- Born: 16 October 1603 Lucerne
- Died: 9 February 1674 (aged 70)
- Spouse: Catharina von Fleckenstein
- Parent(s): Jakob von Sonnenberg, Anna Pfyffer von Wyher

= Alphons von Sonnenberg =

17th-century Lucerne statesman

Alphons von Sonnenberg (16 October 1603, Lucerne – 9 February 1674) was a Lucerne statesman and military officer.

== Family background ==
Alphons von Sonnenberg was a Catholic from Lucerne, son of Jakob Sonnenberg and Anna Pfyffer von Wyher, brother of Franz von Sonnenberg, and half-brother of Ignaz Walter von Sonnenberg and Karl Emanuel von Sonnenberg. He married Catharina von Fleckenstein, daughter of Bernhard von Fleckenstein.

== Political and administrative career ==

Alphons von Sonnenberg was a member of the Grand Council of Lucerne from 1631, and of the Small Council from 1648 until his death in 1674. He served as avoyer of Lucerne from 1664 to 1674 (even years). His administrative posts included bailiff of Baden (1635–1637), Bauherr (1649–1664), bailiff of Merenschwand (1673), city banneret, and banneret. He was also lord justice (Twingherr) of Wangen and Grossdietwil, and a delegate to the Federal Diet.

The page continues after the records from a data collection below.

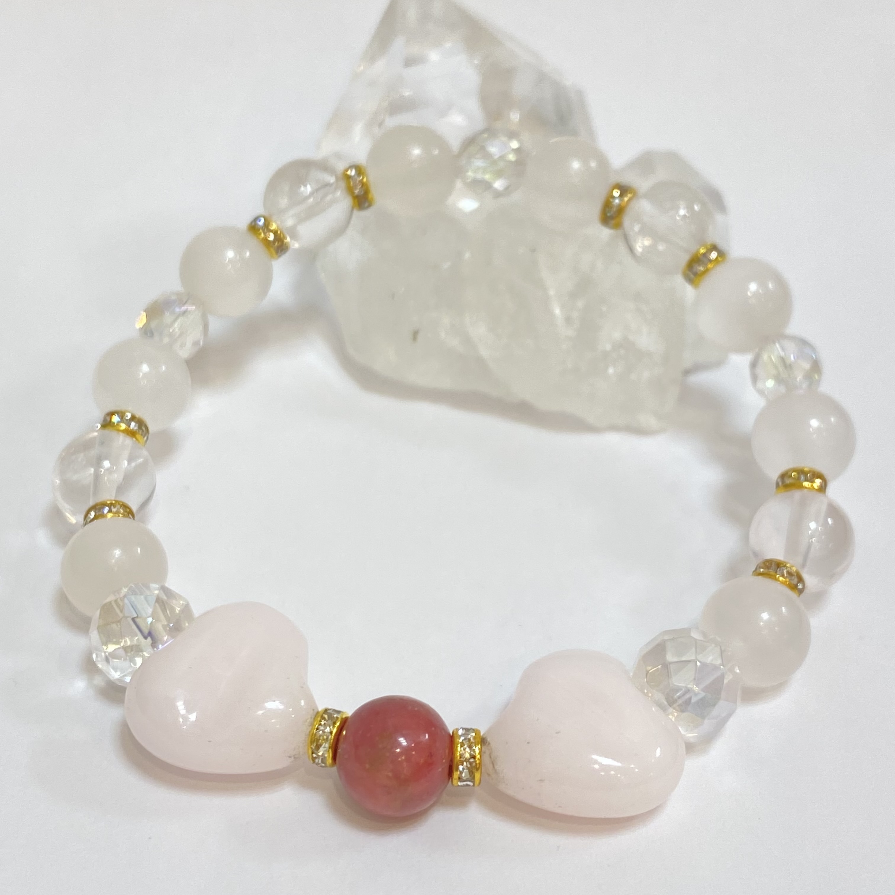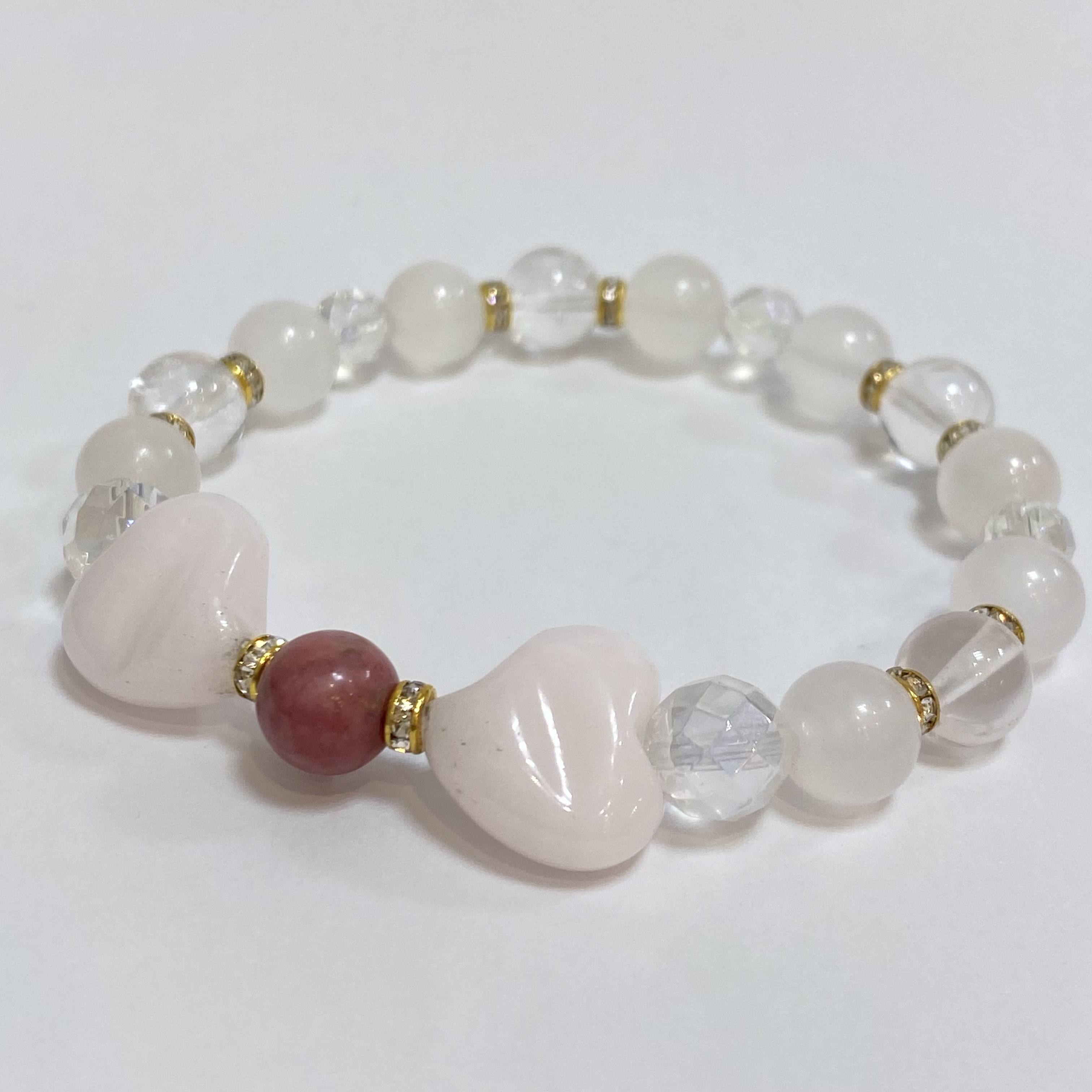 【天然石ブレスレット】ピンクカルサイト&ロードナイト&レインボーオーラ&スターローズクォーツ〈恋愛〉
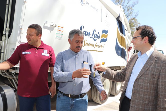 El edil entregó personalmente las llaves de los camiones a los titulares de las delegaciones potosinas, donde encendieron por primera vez los camiones que beneficiarán de gran forma al municipio en materia de ecología y de recolección de basura en todo el municipio ayudando a tener una ciudad más limpia.
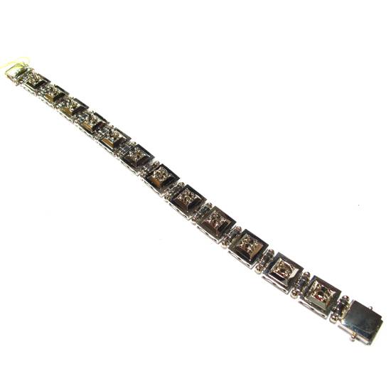 This is a diamond bracelet of unisex design. In a plain designed of the topics of geometric squares, the diamond bracelet is stylish and handsome. The diamond bracelet is a valuable piece also suitable for men.
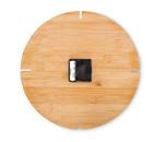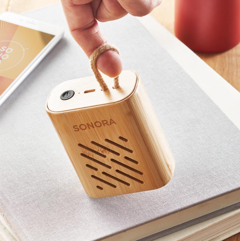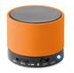 4.2 wireless speaker in ABS with bamboo casing. 1 rechargeable Lion 450 mAh battery and light at the bottom of the speaker. Output data: 3W, 4 Ohm and 5V. Micro USB cable included. Playing time aprox. 3h. Size Ø7x4,3 cm Print technique Pad printing*,L,DO1
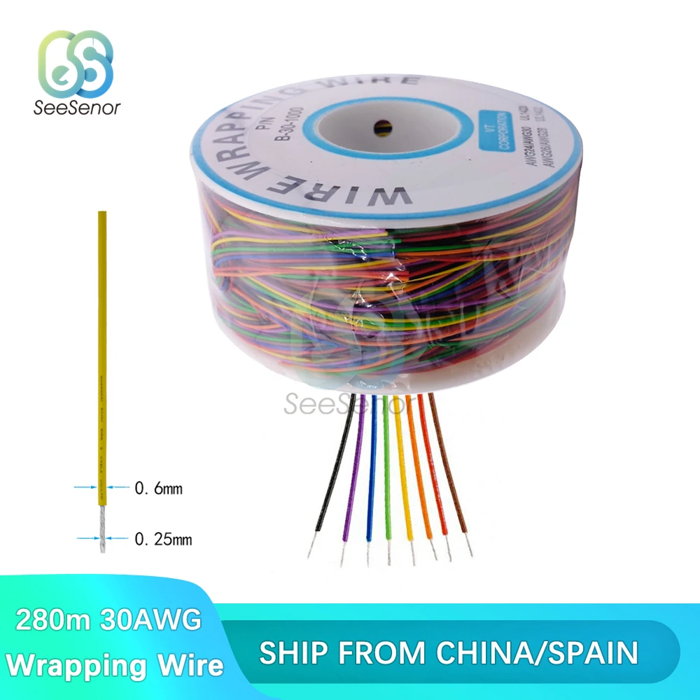 Один рулон 8 цветов 280 м 30AWG провод для обмотки проводов Луженая Медь твердый ПВХ изоляция гибкий силиконовый провод электронный кабель
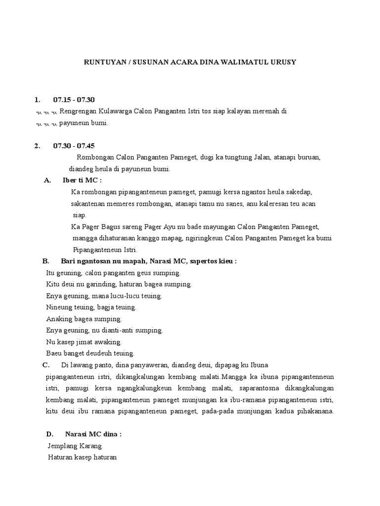 - Doc Susunan Acara Akad Nikah Putra Mk Academia Edu , Proses Ini Dilakukan Orang Tua Calon Pengantin Keluarga Sunda Dan Keluarga Dekat.

== Military and diplomatic career ==

In 1636 he was sent as envoy to Louis XIII in Paris. He became captain of the Swiss Guard in 1640 and chamberlain to the king. During the First War of Villmergen (1656) he served as major general. He was a fervent defender of the Counter-Reformation.

== Bibliography ==

- Th. von Liebenau, «Die Schultheissen von Luzern», in Gfr., 35, 1880, pp. 53–182.